Best for: Configuration updates, low-frequency state sync.
Cluster.broadcast cluster
~topic:"config-update"
~payload:"{\"version\": 2}"
Direct Send (Point-to-Point)#
Use send to send a message directly to a specific node via UDP. This is high-throughput and low-latency.
Best for: RPC, high-volume data transfer, direct coordination.
(* Send by Node ID *)
let target_node_id = node_id_of_string "node-2" in
Cluster.send cluster
~target:target_node_id
~topic:"ping"
~payload:"pong"
(* Send by Address (if Node ID unknown) *)
let addr = `Udp (Eio.Net.Ipaddr.of_raw "\192\168\001\010", 7946) in
Cluster.send_to_addr cluster
~addr
~topic:"alert"
~payload:"alert-data"
Handling Messages#
Register a callback to handle incoming messages (both broadcast and direct).
Cluster.on_message cluster (fun sender topic payload ->
Printf.printf "Received '%s' from %s: %s\n"
topic
(node_id_to_string sender.id)
payload
)
Membership Events#
Listen for node lifecycle events.
Eio.Fiber.fork ~sw (fun () ->
let stream = Cluster.events cluster in
while true do
match Eio.Stream.take stream with
| Join node -> Printf.printf "Node joined: %s\n" (node_id_to_string node.id)

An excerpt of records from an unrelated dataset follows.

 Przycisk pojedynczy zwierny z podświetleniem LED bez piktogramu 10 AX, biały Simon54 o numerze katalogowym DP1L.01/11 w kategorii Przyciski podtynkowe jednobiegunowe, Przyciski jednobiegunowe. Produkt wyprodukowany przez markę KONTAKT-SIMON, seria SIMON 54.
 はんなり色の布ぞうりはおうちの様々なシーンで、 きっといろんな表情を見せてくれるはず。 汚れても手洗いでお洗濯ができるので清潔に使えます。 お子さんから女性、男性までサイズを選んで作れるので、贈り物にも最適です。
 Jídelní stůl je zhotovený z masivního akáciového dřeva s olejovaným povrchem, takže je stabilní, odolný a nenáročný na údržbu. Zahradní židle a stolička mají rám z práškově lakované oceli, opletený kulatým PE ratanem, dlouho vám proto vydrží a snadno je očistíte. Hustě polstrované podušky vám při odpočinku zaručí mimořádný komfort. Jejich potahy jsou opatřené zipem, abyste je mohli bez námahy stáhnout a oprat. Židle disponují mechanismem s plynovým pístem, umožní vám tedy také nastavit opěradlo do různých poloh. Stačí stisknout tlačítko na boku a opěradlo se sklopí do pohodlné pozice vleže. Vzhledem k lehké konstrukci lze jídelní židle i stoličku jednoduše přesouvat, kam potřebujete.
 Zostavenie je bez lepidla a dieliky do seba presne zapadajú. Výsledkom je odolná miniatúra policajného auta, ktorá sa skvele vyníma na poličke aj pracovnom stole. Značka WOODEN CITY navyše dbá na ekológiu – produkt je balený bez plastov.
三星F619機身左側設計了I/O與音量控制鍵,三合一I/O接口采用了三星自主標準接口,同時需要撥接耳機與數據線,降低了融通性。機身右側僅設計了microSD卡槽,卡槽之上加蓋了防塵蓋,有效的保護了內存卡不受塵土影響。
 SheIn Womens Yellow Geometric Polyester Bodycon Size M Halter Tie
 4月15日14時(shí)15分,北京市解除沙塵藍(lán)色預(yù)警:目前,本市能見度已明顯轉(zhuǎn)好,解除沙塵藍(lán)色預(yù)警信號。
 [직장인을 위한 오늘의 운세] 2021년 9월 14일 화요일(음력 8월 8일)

| Leave node -> Printf.printf "Node left: %s\n" (node_id_to_string node.id)
| Suspect_event node -> Printf.printf "Node suspected: %s\n" (node_id_to_string node.id)

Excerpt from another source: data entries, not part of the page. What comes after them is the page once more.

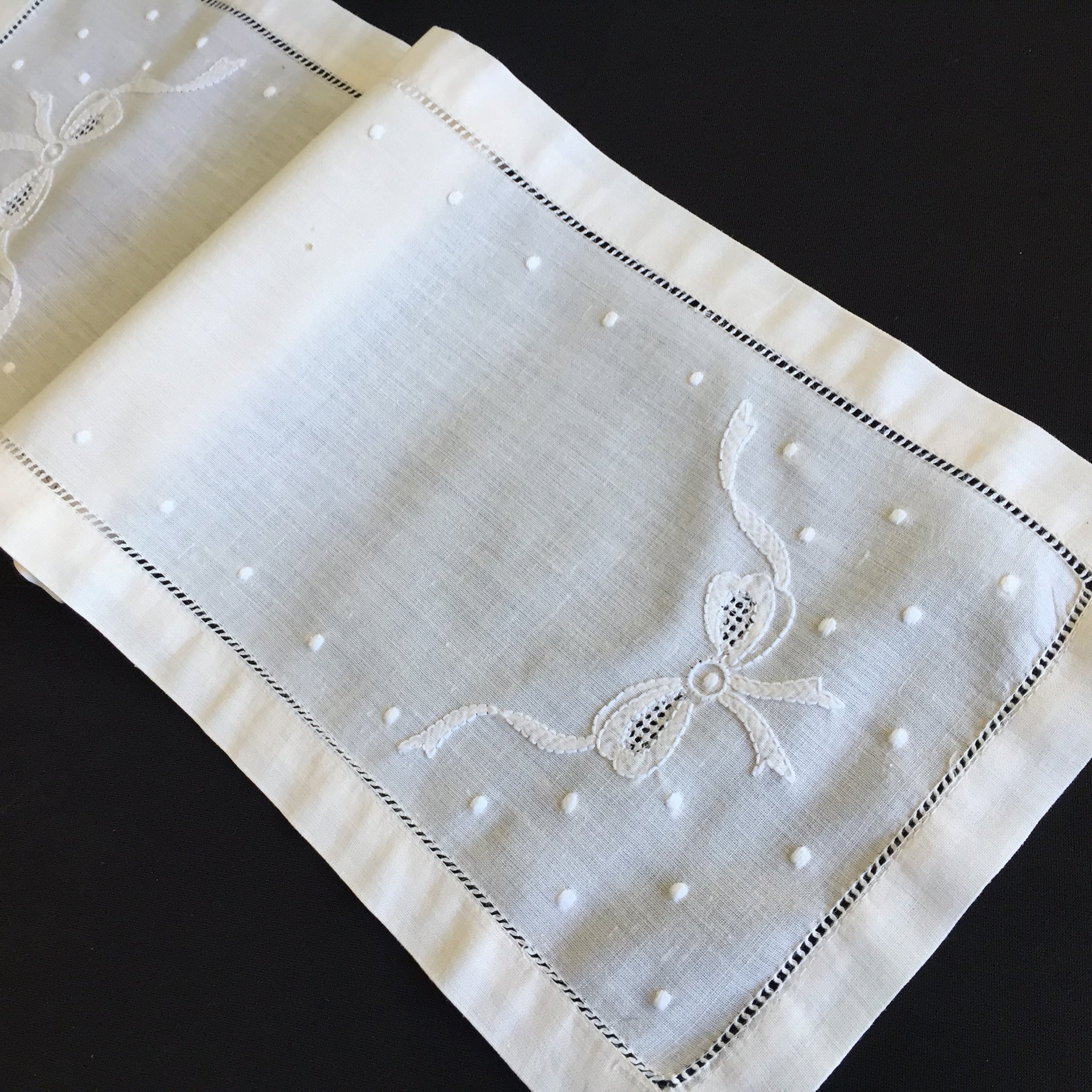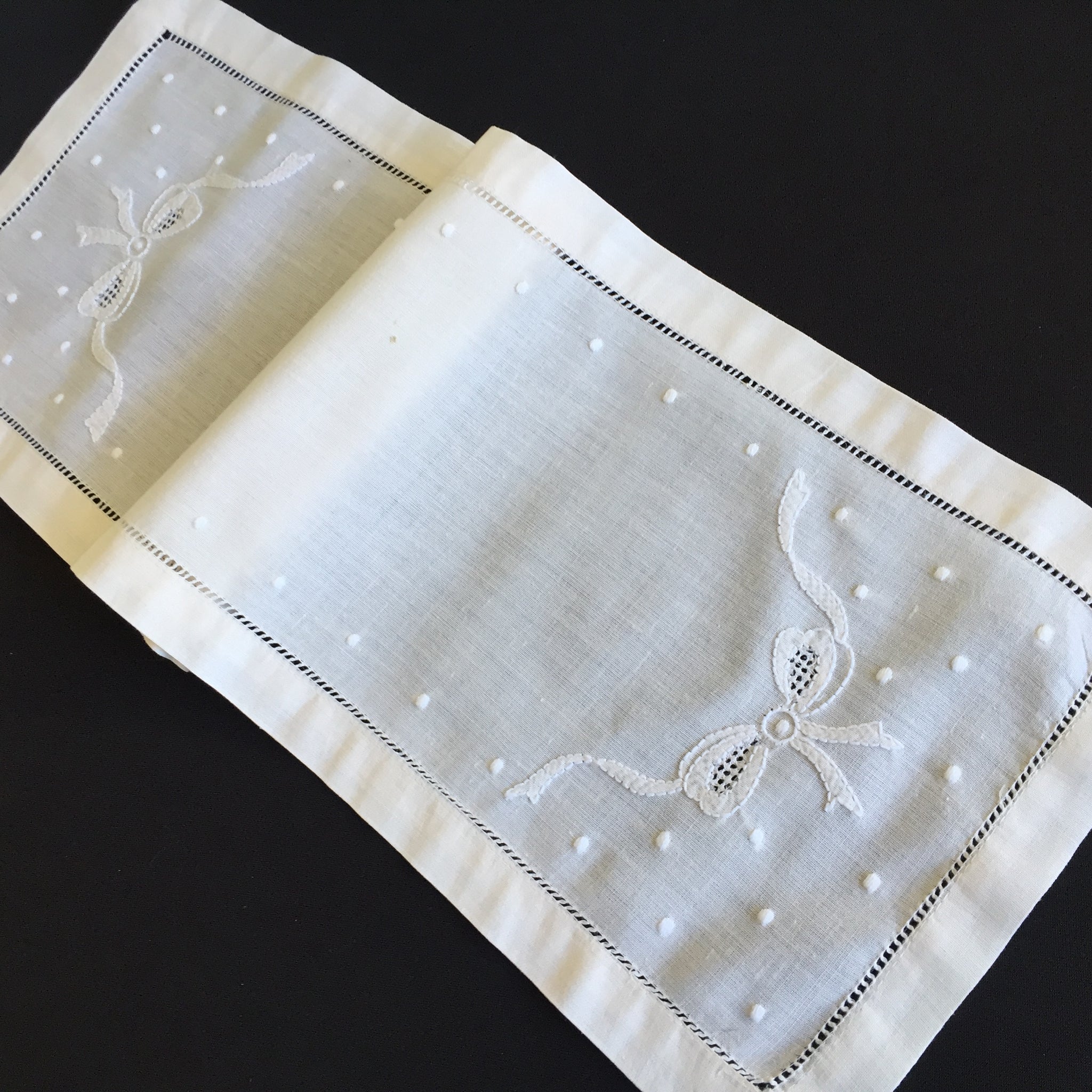 This exquisite oblong table runner is showcasing the refined artistry of Edwardian era vintage embroidery, featuring charming bows on both ends.
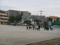 校庭では、短縄跳びや長縄跳びの練習をしています。
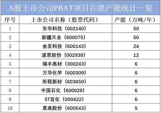 那么,东华科技(002140)投资建设的50万吨/年PBAT项目,这个产能在国内A股上市公司同行中,究竟处于怎样一个地位呢?我们可以简单来梳理一下国内A股上市公司投资PBAT项目的相关产能情况:

| Alive_event node -> Printf.printf "Node alive again: %s\n" (node_id_to_string node.id)
| Update _ -> ()
done
)
Configuration Options#
| Field | Default | Description |
|---|---|---|
bind_addr |
"0.0.0.0" | Interface to bind UDP/TCP listeners. |
bind_port |
7946 | Port for SWIM protocol. |
protocol_interval |
1.0 | Seconds between probe rounds. Lower = faster failure detection, higher bandwidth. |
probe_timeout |
0.5 | Seconds to wait for Ack. |
indirect_checks |
3 | Number of peers to ask for indirect probes. |
udp_buffer_size |
1400 | Max UDP packet size (MTU). |
secret_key |
(zeros) | 32-byte key for AES-256-GCM. |
max_gossip_queue_depth |
5000 | Max items in broadcast queue before dropping oldest (prevents leaks). |
Performance Tips#
- Buffer Pool: The library uses zero-copy buffer pools. Ensure
send_buffer_countandrecv_buffer_countare sufficient for your load (default 16). - Gossip Limit: If broadcasting aggressively,
max_gossip_queue_depthprotects memory but may drop messages. UseDirect Sendfor high volume. - Eio: Run within an Eio domain/switch. The library is designed for OCaml 5 multicore.